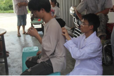 师生在青龙村第一驻村书记李周义的带领下,走访农户,调研当地的医疗情况以及居民的健康情况,并为行动不便的老人测量血压。车晴娅、罗婷婷、汪牧非、陈玉等同学不仅向村民们宣讲喝生水的危害以及狂犬病的危害与防治,还为学龄期青少年进行脊柱侧弯检测。活动过程中,同学们与村民深度交流,一方面向村民科普在日常生活中如何采取常见疾病的防治措施,增强健康意识,铸就健康生活,另一方面同学们也更加切身了解到广大农村的常见疾病类型和就医环境,为今后的医学课程学习和医疗工作埋下了求知的种子。
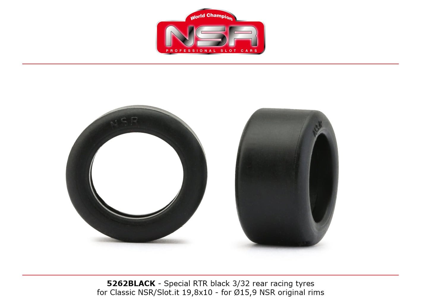 The NSR Special Slick Classic NSR/Slot.it BLACK Rear Racing 19.8x10 Tires are specifically designed for Ø 15.9 NSR original rims, making them a perfect fit for your classic NSR or Slot.it cars. With a sleek black design, these tires not only perform well but also add a touch of style to your racing setup.
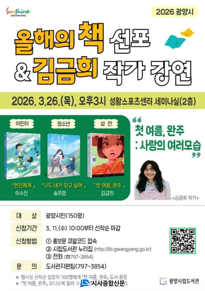 ±¤¾ç½Ã¸³µµ¼°üÀº Áö³´Þ ¡®2026³â ¿ÃÇØÀÇ Ã¥¡¯À¸·Î ¡ã¾î¸°ÀÌ ºÎ¹® ¡¸ÇöÁø¿¡°Ô¡¹(À̼öÁø, »ç°èÀý) ¡ãû¼Ò³â ºÎ¹® ¡¸³ªµµ ³×°¡ µÇ°í ½Í¾î¡¹(¼ÛÁÖ¿µ, ÃʷϼÀç) ¡ã¼ºÀÎ ºÎ¹® ¡¸Ã¹ ¿©¸§, ¿ÏÁÖ¡¹(±è±ÝÈñ, ¹«Á¦) µî ÃÑ 3±ÇÀ» ¼±Á¤ÇßÀ¸¸ç, À̹ø ¼±Æ÷½ÄÀ» ÅëÇØ ¡®2026³â ½Ã¹Î ÇÑ Ã¥ Àб⠻ç¾÷¡¯À» º»°Ý ÃßÁøÇÑ´Ù.
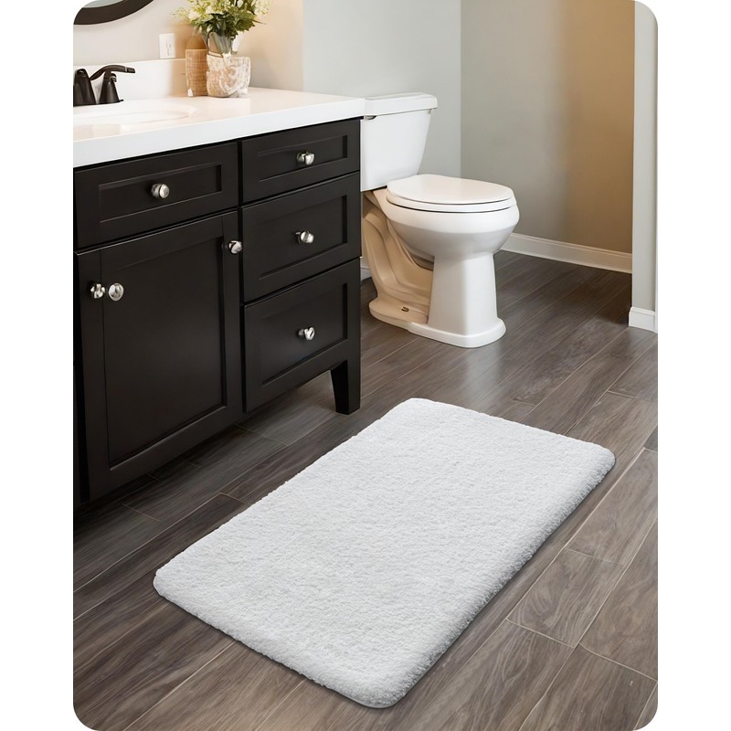 - [Highly Absorbent] This luxurious bathroom rug boasts a plush pile that delivers both a soft touch and rapid water absorption. As you step out of the bathtub post-bathing, the rug's fibers quickly draw the water from your feet, giving a dry and comfortable feeling.
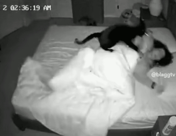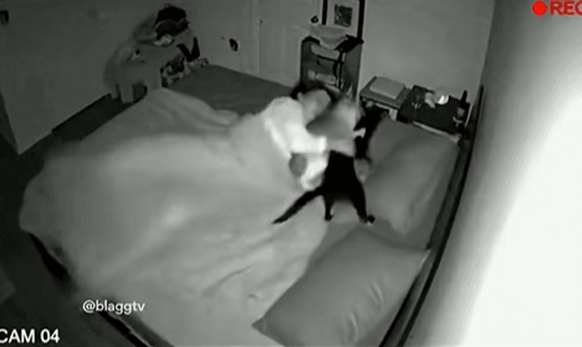 Chủ nhà cho biết camera an ninh trong nhà đã ghi lại cùng một sự việc lặp đi lặp lại mỗi đêm. Cô đăng tải các đoạn video lên kênh cá nhân của mình, cho thấy nhiều con mèo của cô đuổi nhau quanh giường như thể đang chơi ở sân chơi, nhảy lên gối, leo trèo trên nệm và chơi đùa rất hăng say, hầu như không để ý đến việc chủ nhân của chúng có đang ngủ hay không.

__________

■ **Your goal**: If any image appears in the entries, omit it and return the rest verbatim.

■ **Result**:
 师生在青龙村第一驻村书记李周义的带领下,走访农户,调研当地的医疗情况以及居民的健康情况,并为行动不便的老人测量血压。车晴娅、罗婷婷、汪牧非、陈玉等同学不仅向村民们宣讲喝生水的危害以及狂犬病的危害与防治,还为学龄期青少年进行脊柱侧弯检测。活动过程中,同学们与村民深度交流,一方面向村民科普在日常生活中如何采取常见疾病的防治措施,增强健康意识,铸就健康生活,另一方面同学们也更加切身了解到广大农村的常见疾病类型和就医环境,为今后的医学课程学习和医疗工作埋下了求知的种子。
 The NSR Special Slick Classic NSR/Slot.it BLACK Rear Racing 19.8x10 Tires are specifically designed for Ø 15.9 NSR original rims, making them a perfect fit for your classic NSR or Slot.it cars. With a sleek black design, these tires not only perform well but also add a touch of style to your racing setup.
 ±¤¾ç½Ã¸³µµ¼°üÀº Áö³´Þ ¡®2026³â ¿ÃÇØÀÇ Ã¥¡¯À¸·Î ¡ã¾î¸°ÀÌ ºÎ¹® ¡¸ÇöÁø¿¡°Ô¡¹(À̼öÁø, »ç°èÀý) ¡ãû¼Ò³â ºÎ¹® ¡¸³ªµµ ³×°¡ µÇ°í ½Í¾î¡¹(¼ÛÁÖ¿µ, ÃʷϼÀç) ¡ã¼ºÀÎ ºÎ¹® ¡¸Ã¹ ¿©¸§, ¿ÏÁÖ¡¹(±è±ÝÈñ, ¹«Á¦) µî ÃÑ 3±ÇÀ» ¼±Á¤ÇßÀ¸¸ç, À̹ø ¼±Æ÷½ÄÀ» ÅëÇØ ¡®2026³â ½Ã¹Î ÇÑ Ã¥ Àб⠻ç¾÷¡¯À» º»°Ý ÃßÁøÇÑ´Ù.
 - [Highly Absorbent] This luxurious bathroom rug boasts a plush pile that delivers both a soft touch and rapid water absorption. As you step out of the bathtub post-bathing, the rug's fibers quickly draw the water from your feet, giving a dry and comfortable feeling.
 Chủ nhà cho biết camera an ninh trong nhà đã ghi lại cùng một sự việc lặp đi lặp lại mỗi đêm. Cô đăng tải các đoạn video lên kênh cá nhân của mình, cho thấy nhiều con mèo của cô đuổi nhau quanh giường như thể đang chơi ở sân chơi, nhảy lên gối, leo trèo trên nệm và chơi đùa rất hăng say, hầu như không để ý đến việc chủ nhân của chúng có đang ngủ hay không.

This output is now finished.